Optimal Betting Strategy for the World Series Using Dynamic Programming
Problem Overview
The New York Yankees and the San Francisco Giants are playing in a best-of-seven World Series. You want to bet $100 on the Yankees winning the series, but you are only allowed to place bets on individual games, each at even odds. The question is: how much should you bet on the first game?
To solve this, we utilize dynamic programming and model the game state using matrices to determine the optimal amount to bet at each stage of the series.
State Representation
We define a matrix \( P \) that holds the net payoff in each state \( (i, j) \), where:
- \( i \): number of games won by the Yankees,
- \( j \): number of games lost by the Yankees,
- \( 0 \leq i, j \leq 4 \).
Boundary conditions are set as follows:
- \( P(4, j) = 100 \) for \( 0 \leq j \leq 3 \),
- \( P(i, 4) = -100 \) for \( 0 \leq i \leq 3 \),
- \( P(4,4) \) is not used as it is not a reachable state in a best-of-seven format.
We also define a matrix \( B \) that contains the bet sizes for each intermediate state. It satisfies:
\[ P(i+1, j) = P(i, j) + B(i, j) \quad \text{(3.205)} \] \[ P(i, j+1) = P(i, j) - B(i, j) \quad \text{(3.206)} \]
Adding and subtracting these gives us:
\[ P(i, j) = \frac{1}{2}(P(i+1, j) + P(i, j+1)) \quad \text{(3.207)} \] \[ B(i, j) = \frac{1}{2}(P(i+1, j) - P(i, j+1)) \quad \text{(3.208)} \]
These recursive equations allow us to compute \( P \) and \( B \) by working backward from the terminal states.
Matrices
The computed matrices are:
\[
P =
\begin{pmatrix}
0 & -31.25 & -62.5 & -87.5 & -100
31.25 & 0 & -37.5 & -75 & -100
62.5 & 37.5 & 0 & -50 & -100
87.5 & 75 & 50 & 0 & -100
100 & 100 & 100 & 100 & 0
\end{pmatrix}
\]
\[
B =
\begin{pmatrix}
31.25 & 31.25 & 25 & 12.5
31.25 & 37.5 & 37.5 & 25
25 & 37.5 & 50 & 50
12.5 & 25 & 50 & 100
\end{pmatrix}
\]
First Game Betting Strategy
We start at state \( (0, 0) \) since no games have been played. From matrix \( B \), we find:
\[ B(1,1) = 31.25 \]
This means we should bet $31.25 on the Yankees in the first game.
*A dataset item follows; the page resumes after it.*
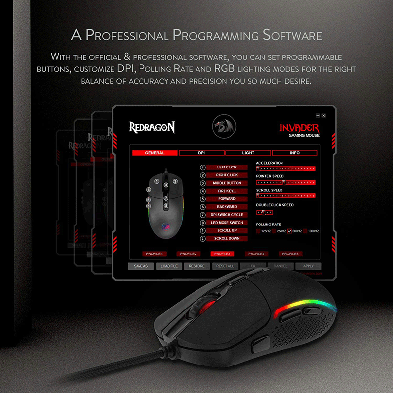 Our premium gaming mouse is the ultimate solution for most type of games. With the official & professional software, you can set programmable buttons, customize DPI, Polling Rate and RGB lighting modes for the right balance of accuracy and precision you so much desire.

The strategy is robust: regardless of the outcome of individual games, the betting adjustments according to matrix \( B \) ensure that we end up with exactly $100 if the Yankees win the series.
Conclusion
Using dynamic programming, we calculate the optimal strategy for betting on a best-of-seven series. The key takeaway is that we should bet $31.25 on the first game, and adjust subsequent bets according to matrix \( B \) to maintain an optimal expected outcome.